Healthy spacing between pregnancies is important; here’s all you need to know about postpartum contraception

A woman’s body undergoes several changes — especially, before, during, and after pregnancy, something which also affects their sex life. As such, to give their bodies enough time to heal after delivery, many women fear an unplanned pregnancy during the postpartum period. In such cases, postpartum contraception — methods that help prevent closely-spaced pregnancies in the first year after giving birth — plays a huge role.

If you are keen to know more about it, we’ve got you covered. But before understanding postpartum contraception, let’s first learn how ovulation works after delivery, and what experts suggest to be the ideal period between two pregnancies.

Quoting research, Dr Shalini Vijay, Senior Consultant Obstetrician & Gynaecologist, Motherhood Hospitals, Lullanagar suggested delaying trying for another pregnancy “for 18 to 24 months, but no longer than five years, after giving birth to a live baby to lower the risk of complications during pregnancy and other health issues.” She added that women over 35 may think about delaying getting pregnant again for “12 months while balancing infertility worries.”
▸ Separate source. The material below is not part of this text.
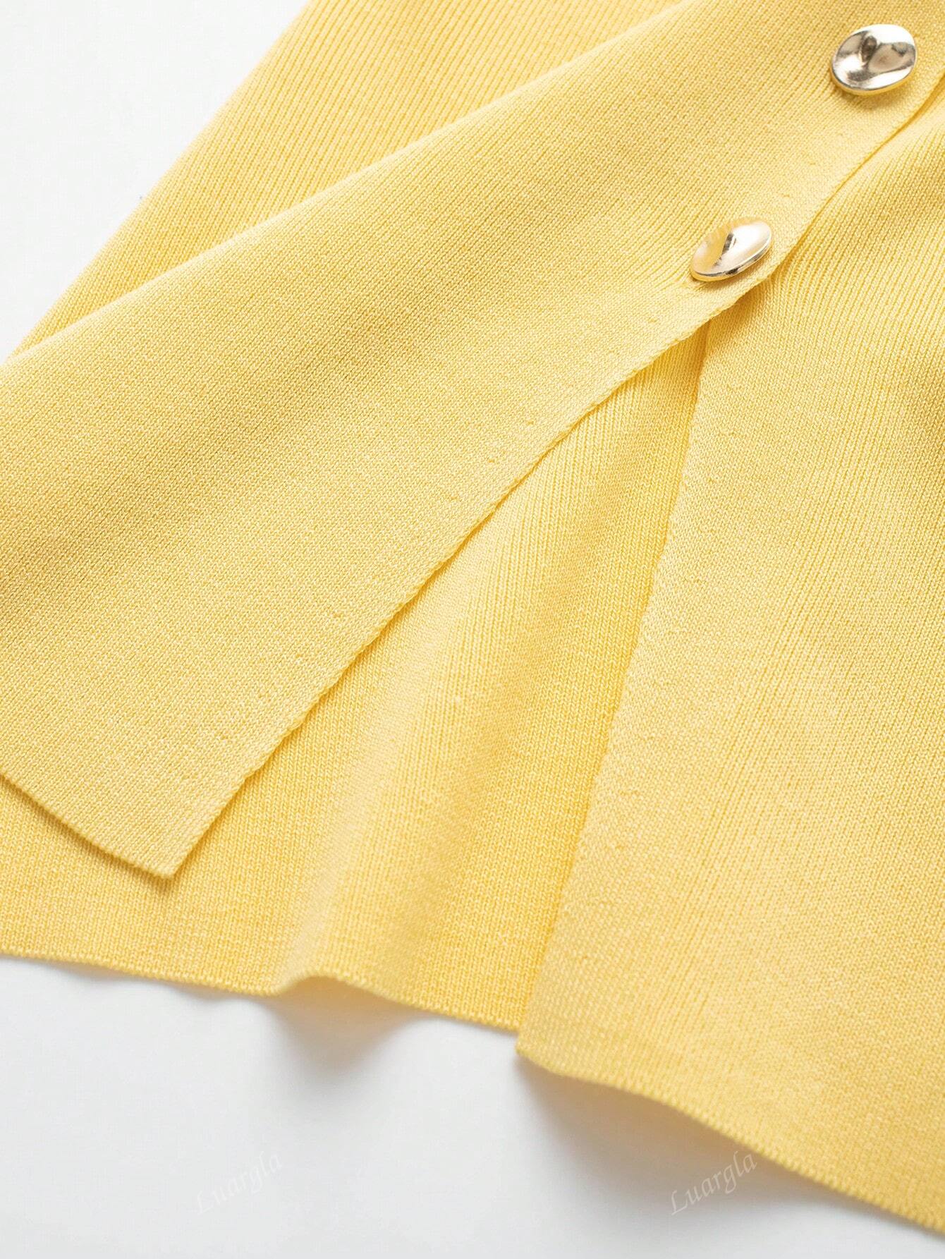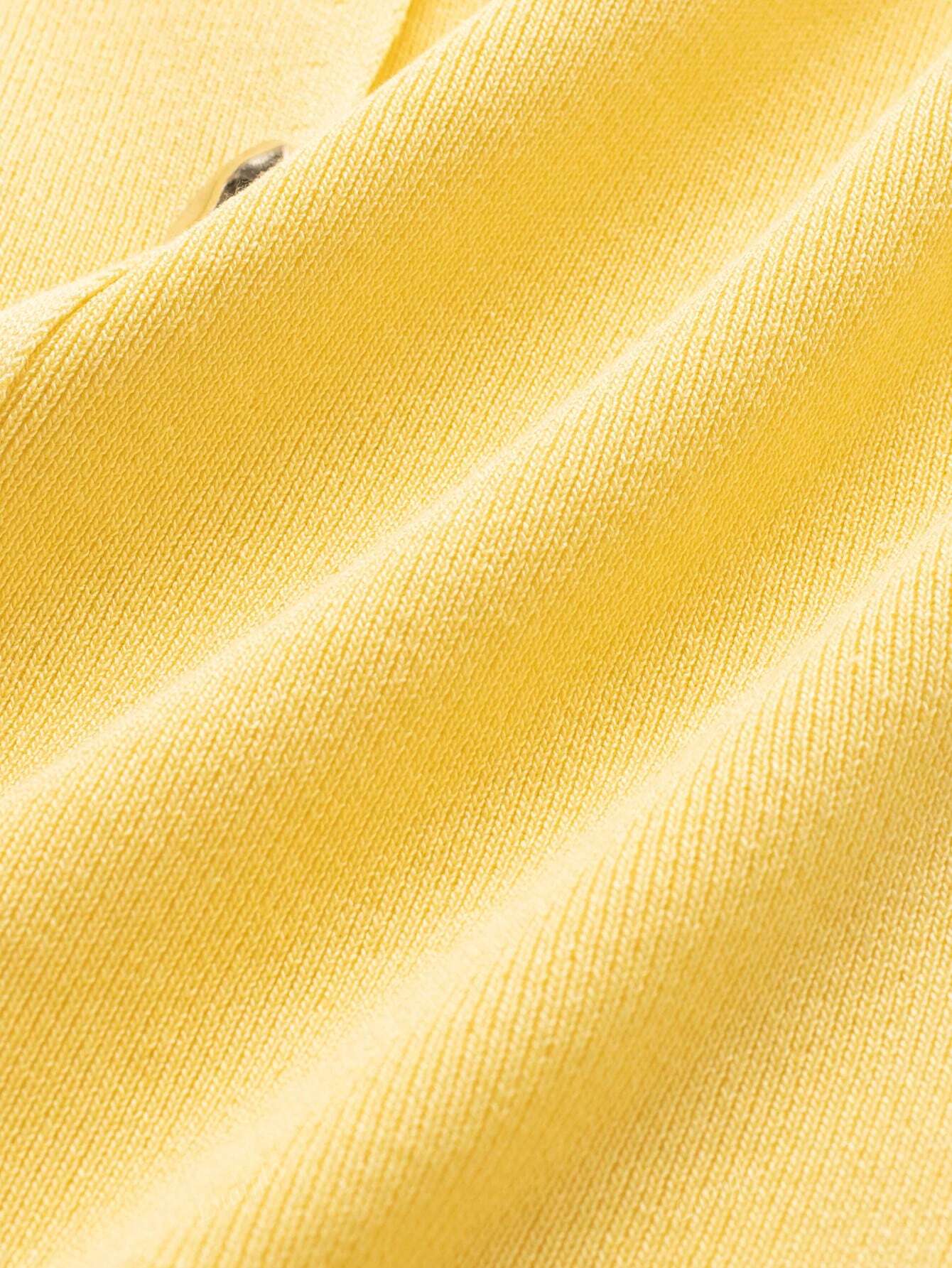 سترة نسائية محبوكة بأزرار أمامية باللون الأصفر الزبدي

Some research also suggests that closely-spaced pregnancies might not give a mother enough time to recover from pregnancy before moving on to the next. For instance, pregnancy and breastfeeding can reduce the store of nutrients, especially folate, in a woman’s body. Also, inflammation of the genital tract, which develops during pregnancy and does not heal before the next one, can also affect the health of the baby.

Adding to this, Dr Vijay said, “Couples who have experienced a miscarriage are exempt from the dangers and suggestions. It’s not necessary to delay getting pregnant after a miscarriage if you’re in good health and feel ready.”

When does ovulation occur after delivery?

The formation of the eggs starts as early as 45 days after delivery, but can also get postponed up to 12 months, depending on how much the new mother is breastfeeding. If the child is totally dependent on the mother’s lactating supply, then ovulation can get delayed by nine to 12 months. Research finds that only 2 per cent of women have unwanted pregnancies during the postpartum period.

According to the gynaecologist, “In the first year following childbirth, postpartum contraception (PPC) is used to avoid unintended and closely spaced pregnancies. Post-partum contraception use has a notable impact on reducing unintended births and enhancing maternal health.”

Different methods of postpartum contraception include:

*Traditional birth control pills contain a mixture of the hormones oestrogen and progestin, which may lead to reduced milk supply in some women. Mostly, oestrogen is the root cause of this. Thus, an oral contraceptive — known as the mini pill which contains only progestin — is considered safer for breastfeeding mothers. You can start taking it between six to eight weeks after delivery.

*Intrauterine devices (IUD) are more than 99 per cent effective than most birth control options. Most doctors wait until six weeks after delivery, otherwise the IUD may get dislodges and increase risk of infection.

*The DMPA contraceptive injection, also known as the “shot,” is offered to women postpartum. The shot works by releasing the hormone DMPA, a progestin, which suppresses ovulation and thickens the cervical mucous that keeps the sperm from fertilising an egg. It needs to be administered once every 12 weeks to be effective. However, the side-effects may include some amount of weight gain, headaches, acne, lack of sexual interest and mood changes.

Concluding, Dr Vijay said, “Each method of reproductive control has benefits and drawbacks. Sexually active individuals who want to prevent pregnancy should be informed of their birth control options. To help prevent pregnancy, a variety of contraceptive methods are offered,” stressing that refraining from intercourse is the only surefire way to prevent getting pregnant.